BEGIN
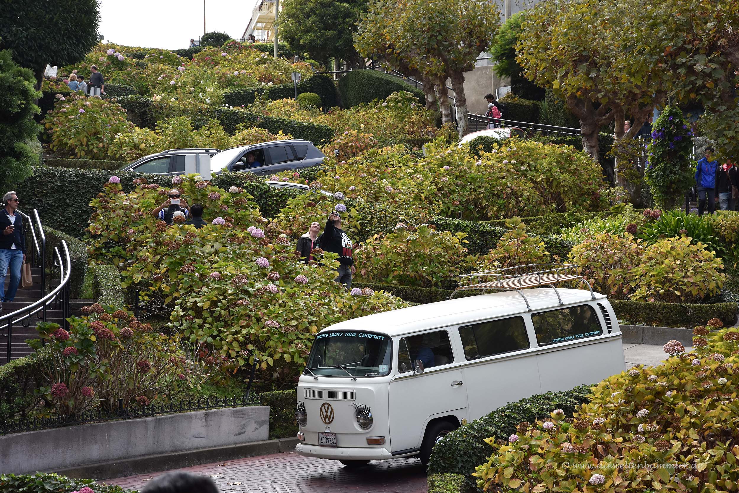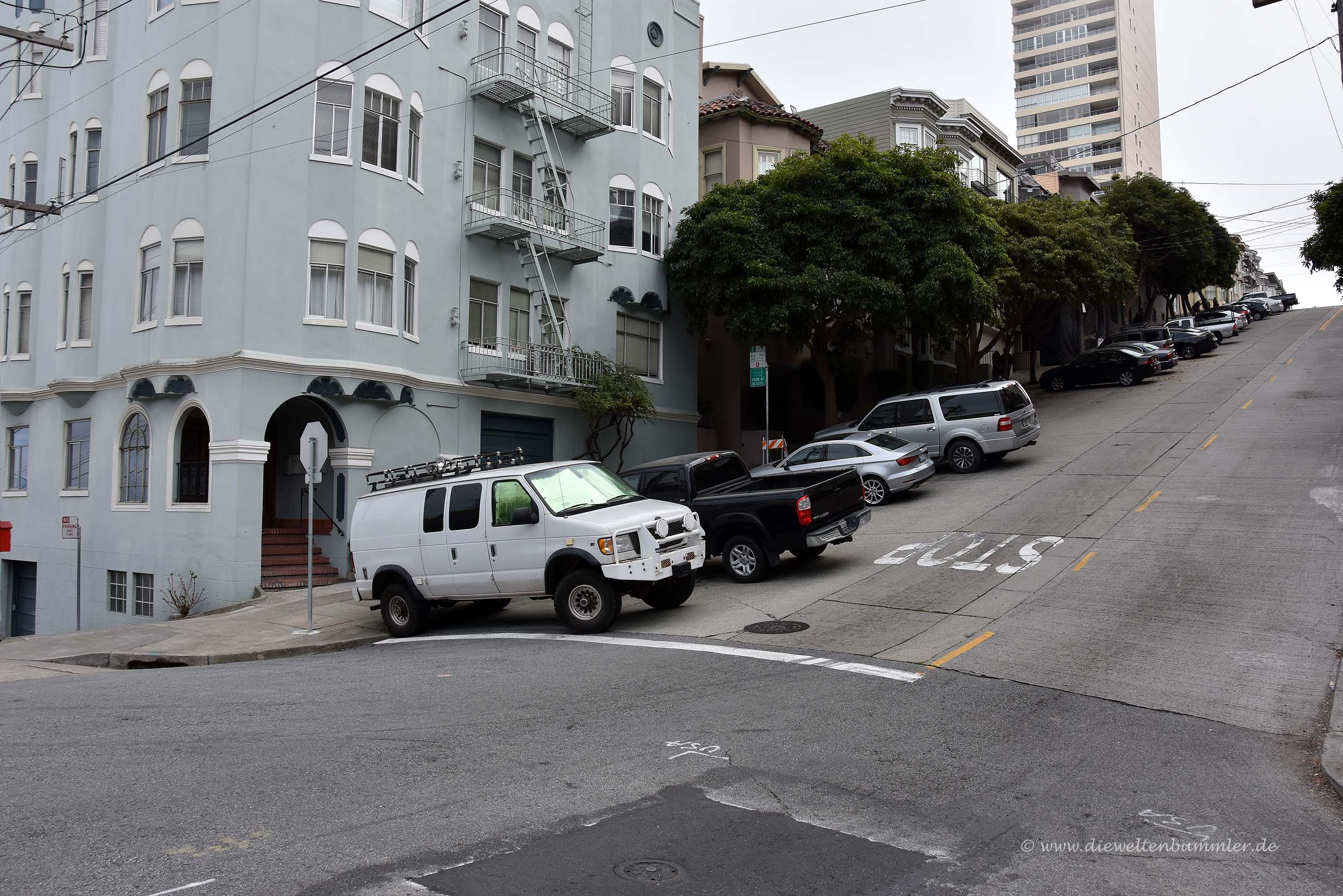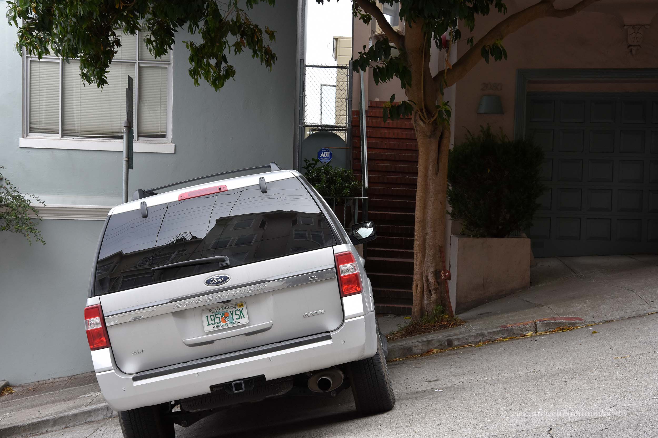 Anschließend machten wir Bilder von anderen Touristen, die ebenfalls die Straße hinab fuhren und spazierten die Lombard Street auch mal zu Fuß hinauf. Es war schon recht interessant, aber irgendwie auch kurios. Außerdem machten wir natürlich auch zahlreiche Bilder von parkenden Fahrzeugen, die extrem schräg an den Straßenrändern von San Francisco standen.
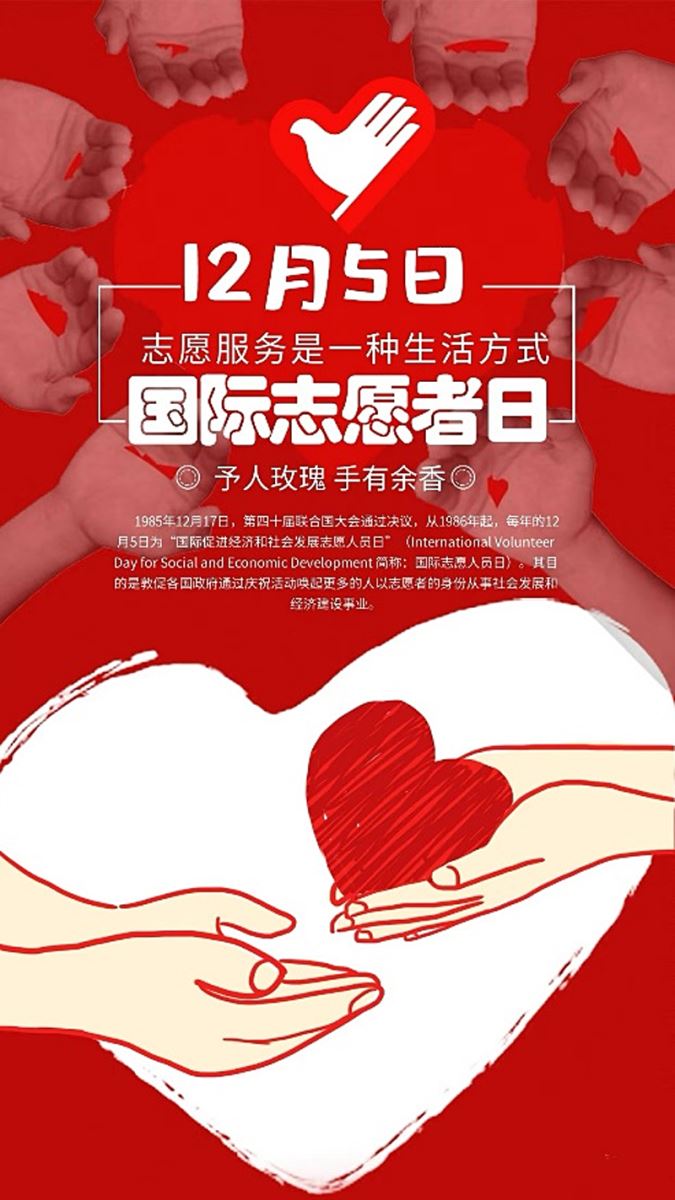国际志愿者日(International Volunteer Day)是为了纪念和推进志愿服务事业而设定的日子。这个节日起源于第二次世界大战之后的重建工作,各国志愿者开始参与义务服务,他们在重新建设家园、推动经济发展以及促进社会文明进步方面都起到了关键的作用。为了进一步鼓励这种行为,1985年的联合国第40届代表大会通过了决议,自1986年起将每年的12月5日设定为“国际志愿者日”。
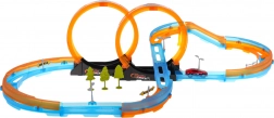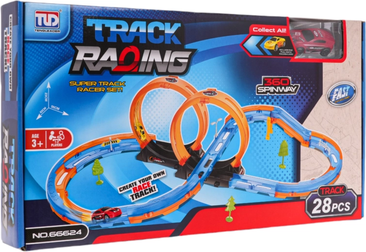 Závodní Dráha Rychlá Smyčka je ideální hračka pro malé závodníky. Tato robustní plastová trať se skládá z 28 dílů, které lze snadno smontovat a nabízí úžasnou zábavu s dvěma smyčkami a závodním autíčkem s pohonem na zpětný chod.
END
*THE TASK:*
Leaving the images out, retype all the material above exactly.

*TASK SOLUTION:*
 Anschließend machten wir Bilder von anderen Touristen, die ebenfalls die Straße hinab fuhren und spazierten die Lombard Street auch mal zu Fuß hinauf. Es war schon recht interessant, aber irgendwie auch kurios. Außerdem machten wir natürlich auch zahlreiche Bilder von parkenden Fahrzeugen, die extrem schräg an den Straßenrändern von San Francisco standen.
国际志愿者日(International Volunteer Day)是为了纪念和推进志愿服务事业而设定的日子。这个节日起源于第二次世界大战之后的重建工作,各国志愿者开始参与义务服务,他们在重新建设家园、推动经济发展以及促进社会文明进步方面都起到了关键的作用。为了进一步鼓励这种行为,1985年的联合国第40届代表大会通过了决议,自1986年起将每年的12月5日设定为“国际志愿者日”。
 Závodní Dráha Rychlá Smyčka je ideální hračka pro malé závodníky. Tato robustní plastová trať se skládá z 28 dílů, které lze snadno smontovat a nabízí úžasnou zábavu s dvěma smyčkami a závodním autíčkem s pohonem na zpětný chod.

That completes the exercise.